Some people do love conspiracy theories.
It seems that Martyn Iles has no idea that liberation theology occurs spontaneously any time that an oppressed person reads Scripture (not just the Gospels) through the lens of their own experience.
They may be peasants in Latin America, blacks in South Africa or the USA, Palestinians languishing under decades of illegal military occupation by Israel or—an LGBTQI Christian in a Sydney Anglican congregation.
Such is the power of Scripture when the Spirit of God moves in the heart of a reader.
However, as already mentioned, the deeper problem with the analysis promoted by the ACL, is its self-serving blindness to systemic evil.
Possibly the ACL members need to spend some time reading the prophets of ancient Israel. They make up quite a large section of the Bible, actually. Anyone who reads these texts could hardly miss the prophetic denunciation of injustice, poverty and exploitation.
Never mind the prophets, even Deuteronomy is crystal clear about what is expected of those who might seek God’s blessing on them:
Justice, and only justice, you shall pursue, so that you may live and occupy the land that the LORD your God is giving you. (Deut. 16:20)

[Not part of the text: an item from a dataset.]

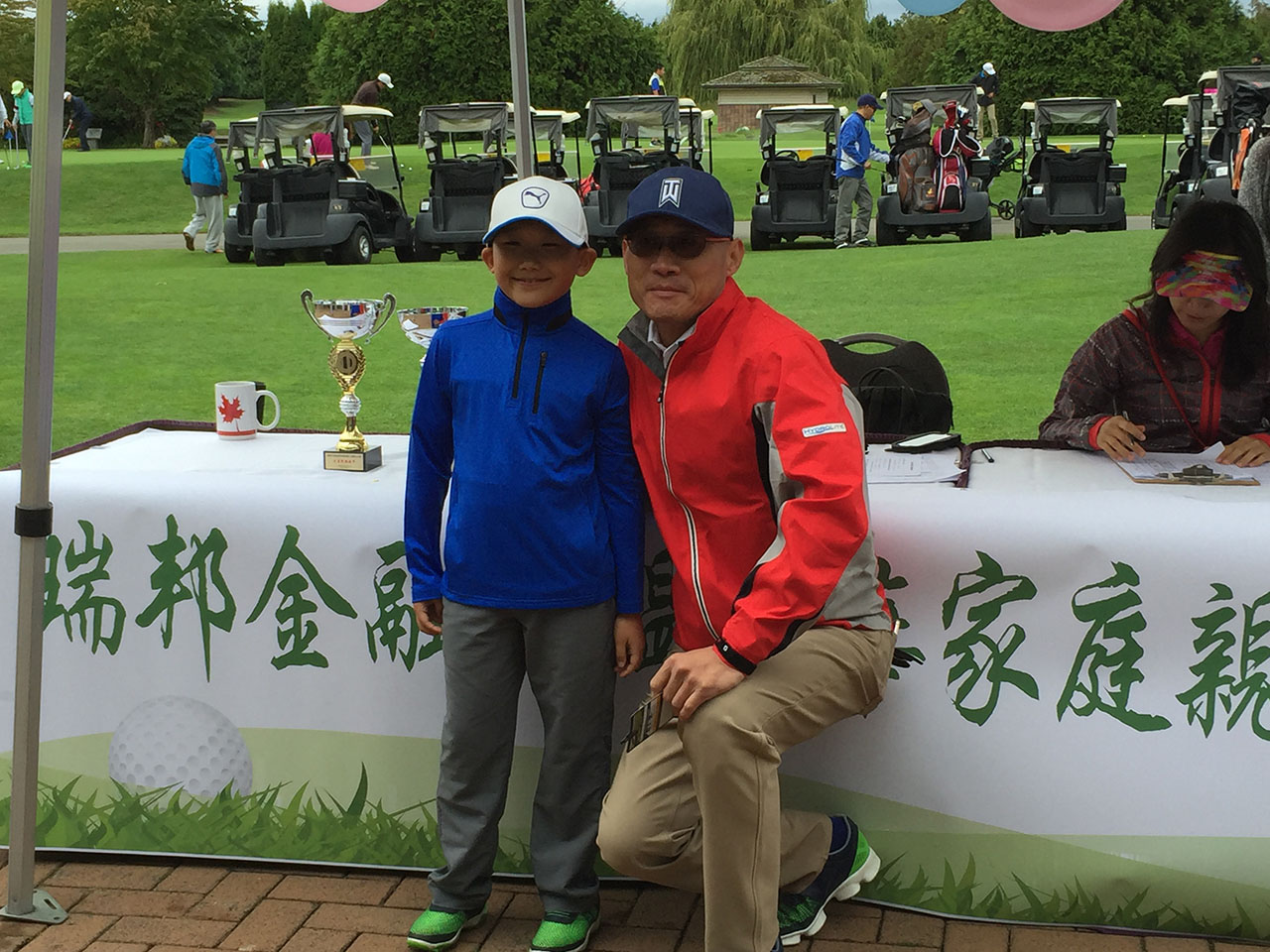 亲子组总杆季军:大山川,小山川 杆数:69(颁奖人:加拿大乐活网活动总监Marater)

If it is too much to ask dedicated Christians who support ACL to read the biblical prophets, perhaps they could find the time to reflect on the earliest version of the Lord’s Prayer and notice the raw edges of poverty in that prayer before we spiritualised it:
Father, hallowed be your name.
Your kingdom come.
Give us each day our daily bread.
And forgive us our sins,
for we ourselves forgive everyone indebted to us.
And do not bring us to the time of trial. (Luke 11:2–4)
As a sequel, let me recommend Luke’s version of the Beatitudes:
Blessed are you who are poor,
for yours is the kingdom of God.
Blessed are you who are hungry now,
for you will be filled.
Blessed are you who weep now,
for you will laugh.
But woe to you who are rich,
for you have received your consolation.
Woe to you who are full now,
for you will be hungry.
Woe to you who are laughing now,
for you will mourn and weep. (6:20–21,23–25)
If even these brief epitomes of the central message of Jesus are too much for the ACL supporters to absorb, perhaps it would suffice for them simply to take to heart the words of the prophet Micah:
He has told you, O mortal, what is good;
and what does the LORD require of you
but to do justice, and to love kindness,
and to walk humbly with your God? (Micah 6:8)
Gregory Jenks is the Dean of Christ Church Cathedral, Grafton. He was awarded a PhD by the University of Queensland for his research into the origins and early development of the Antichrist myth. His recent books include The Once and Future Bible and Jesus Then and Jesus Now. He is currently editing an international collection of essays on Jesus in global perspective.